*Exercise requirements*.
Determine the number of lines in the data that contain "Digicel", and write only that number.

(Records from a dataset)
= = = = =

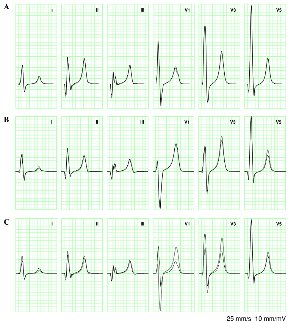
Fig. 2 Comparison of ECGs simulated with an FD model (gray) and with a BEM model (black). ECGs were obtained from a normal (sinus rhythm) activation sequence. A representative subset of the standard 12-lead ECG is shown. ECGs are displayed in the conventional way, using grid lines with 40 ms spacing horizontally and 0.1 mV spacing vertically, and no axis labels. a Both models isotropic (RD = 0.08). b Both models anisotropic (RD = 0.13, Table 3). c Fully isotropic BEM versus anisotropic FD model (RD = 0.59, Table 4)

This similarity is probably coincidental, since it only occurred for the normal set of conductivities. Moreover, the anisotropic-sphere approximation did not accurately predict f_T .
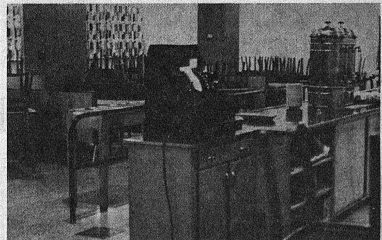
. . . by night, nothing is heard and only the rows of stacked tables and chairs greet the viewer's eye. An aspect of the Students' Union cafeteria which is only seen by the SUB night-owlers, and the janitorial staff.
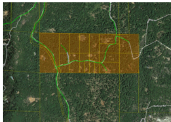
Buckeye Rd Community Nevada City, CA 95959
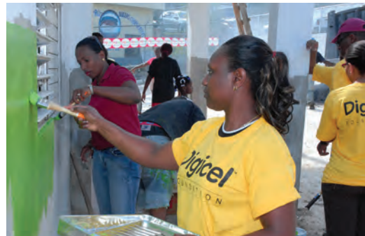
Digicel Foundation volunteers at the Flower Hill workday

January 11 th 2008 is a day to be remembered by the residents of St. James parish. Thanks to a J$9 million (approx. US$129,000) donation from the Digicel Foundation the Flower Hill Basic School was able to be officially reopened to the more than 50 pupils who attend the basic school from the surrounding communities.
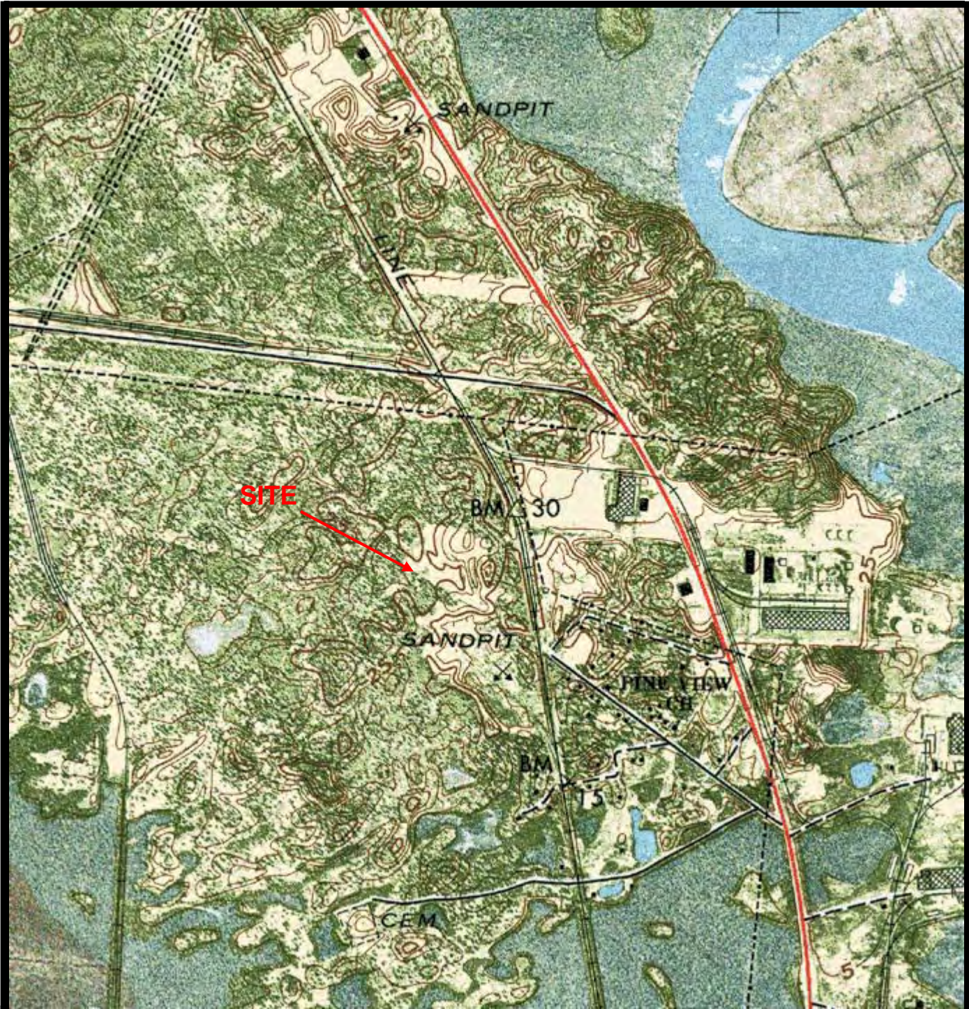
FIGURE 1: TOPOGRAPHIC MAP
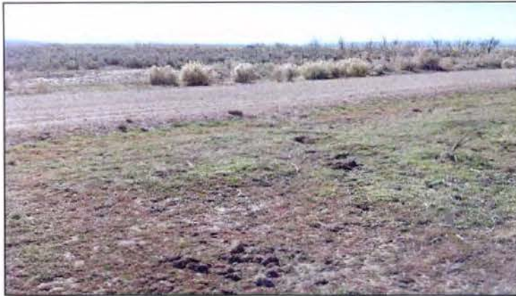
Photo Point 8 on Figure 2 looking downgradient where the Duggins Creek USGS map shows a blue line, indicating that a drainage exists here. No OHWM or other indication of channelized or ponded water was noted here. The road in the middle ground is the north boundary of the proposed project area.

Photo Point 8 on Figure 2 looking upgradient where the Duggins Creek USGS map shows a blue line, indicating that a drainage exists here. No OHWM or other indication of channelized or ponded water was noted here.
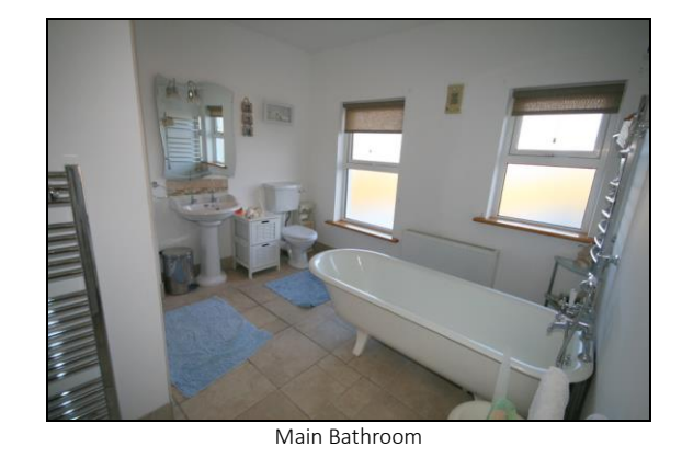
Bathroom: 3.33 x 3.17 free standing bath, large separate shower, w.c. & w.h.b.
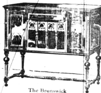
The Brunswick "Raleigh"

= = = = =

*Reply to the exercise*.
2